Re: [PATCH 0/4] x86: Add Cache QoS Monitoring (CQM) support

From: Waskiewicz Jr, Peter P
Date: Tue Feb 18 2014 - 14:54:48 EST


On Tue, 2014-02-18 at 20:35 +0100, Peter Zijlstra wrote:
> On Tue, Feb 18, 2014 at 05:29:42PM +0000, Waskiewicz Jr, Peter P wrote:
> > > Its not a problem that changing the task:RMID map is expensive, what is
> > > a problem is that there's no deterministic fashion of doing it.
> >
> > We are going to add to the SDM that changing RMID's often/frequently is
> > not the intended use case for this feature, and can cause bogus data.
> > The real intent is to land threads into an RMID, and run that until the
> > threads are effectively done.
> >
> > That being said, reassigning a thread to a new RMID is certainly
> > supported, just "frequent" updates is not encouraged at all.
>
> You don't even need really high frequency, just unsynchronized wrt
> reading the counter. Suppose A flips the RMIDs about and just when its
> done programming B reads them.
>
> At that point you've got 0 guarantee the data makes any kind of sense.

Agreed, there is no guarantee with how the hardware is designed. We
don't have an instruction that can nuke RMID-tagged cachelines from the
cache, and the CPU guys (along with hpa) have been very explicit that
wbinv is not an option.

> > I do see that, however the userspace interface for this isn't ideal for
> > how the feature is intended to be used. I'm still planning to have this
> > be managed per process in /proc/<pid>, I just had other priorities push
> > this back a bit on my stovetop.
>
> So I really don't like anything /proc/$pid/ nor do I really see a point in
> doing that. What are you going to do in the /proc/$pid/ thing anyway?
> Exposing raw RMIDs is an absolute no-no, and anything else is going to
> end up being yet-another-grouping thing and thus not much different from
> cgroups.

Exactly. The cgroup grouping mechanisms fit really well with this
feature. I was exploring another way to do it given the pushback on
using cgroups initially. The RMID's won't be exposed, rather a group
identifier (in cgroups it's the new subdirectory in the subsystem), and
RMIDs are assigned by the kernel, completely hidden to userspace.

>
> > Also, now that the new SDM is available
>
> Can you guys please set up a mailing list already so we know when
> there's new versions out? Ideally mailing out the actual PDF too so I
> get the automagic download and archive for all versions.

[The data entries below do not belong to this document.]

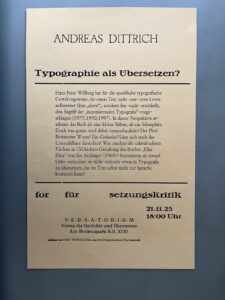 Mathias Traxler stellt in einer zweisprachige Lesung (mit Zuspiel) sein Manuskript Variationen Montale Reihe i-iv vor. Es werden darin vor den Gedichten aus Eugenio Montales Ossi di seppia unterschiedliche 'Haltungen' eingenommen. Ungefähr in dieser (oder auch umgekehrter) Reihenfolge: Einnahme der Haltung, Stillstände, Bewegung, wird dabei auf die Gedichte im italienischen Original hingesteuert, um sich möglichst nahe bei ihnen aufzuhalten. Variationen Montale Reihe i-iv wird im Herbst 2024 in der parasitenpresse erscheinen. Das Forum für Übersetzungskritik ist eine Veranstaltungsreihe von Versatorium, …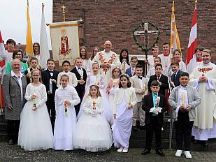 Heute am Weißen Sonntag startete die Feier der Erstkommunion in Mariae Namen und St. Laurentius. Untenstehend ein Bild aus der heiligen Messe in Mariae Namen und ein Gruppenfoto der Mädchen und Jungen, die zum ersten Mal am heiligen Mahl teilgenommen haben. Wir wünschen den Kommunionkindern und ihren Familien zu diesem besonderen Tag Gottes Segen und dass sie immer wieder spüren, das Jesus als ihr Bruder und Freund an ihrer Seite ist.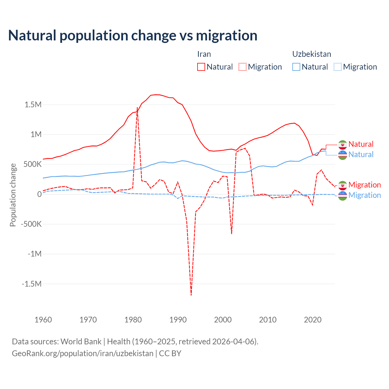 Over the last 10 years, 92.5% of the population change in Iran is from natural causes (a gain of 9,405,860 people) and 7.46% is from migration (a gain of 757,979 people). In Uzbekistan 98.2% is from natural causes (a gain of 6,161,117 people) and 1.84% is from migration (a loss of 115,398 people).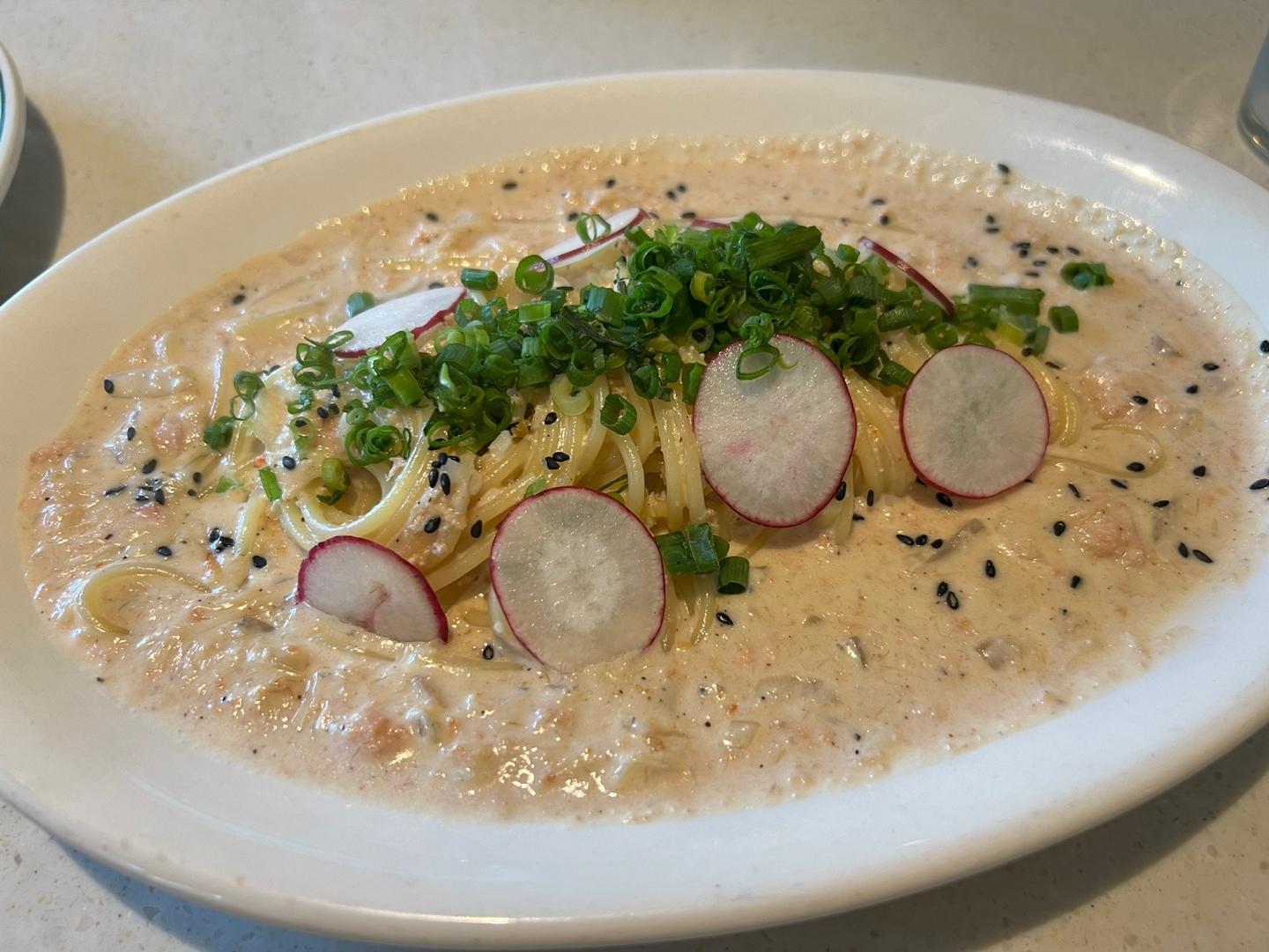 미금역 2번출구 먹자골목 사이 블랙간판에 흰색 긴자료코가 보인다. 내부 일본 만화에서 많이 보던(나루터 라면집) 바테이블 ㄷ자 구성으로 되어있고, 바테이블에서 느낄수 있는 쉐프님과의 유대감과 감성을 느낄 수 있다. 돈가쓰가 굉장히 바삭하고 돈까스 위에 뿌려진 소스가 돈까스의 풍미를 더해준다. 그리고 센스있는 와사비까지!!, 수란과 명란이 살포시 올라가 있는 명란 크림우동은 너무 자극적이지 않아 수란의 고소함과 명란의 맛을 부드러운 크림과 함께 풍성하게 느낄 수 있었다.

I assume this has been requested before. As I'm typing this, I just
received the notification internally that the new SDM is now published.
I'll forward your request along and see what I hear back.

> > , there is a new feature added to
> > the same family as CQM, called Memory Bandwidth Monitoring (MBM). The
> > original cgroup approach would have allowed another subsystem be added
> > next to cacheqos; the perf-cgroup here is not easily expandable.
> > The /proc/<pid> approach can add MBM pretty easily alongside CQM.
>
> I'll have to go read up what you've done now, but if its also RMID based
> I don't see why the proposed scheme won't work.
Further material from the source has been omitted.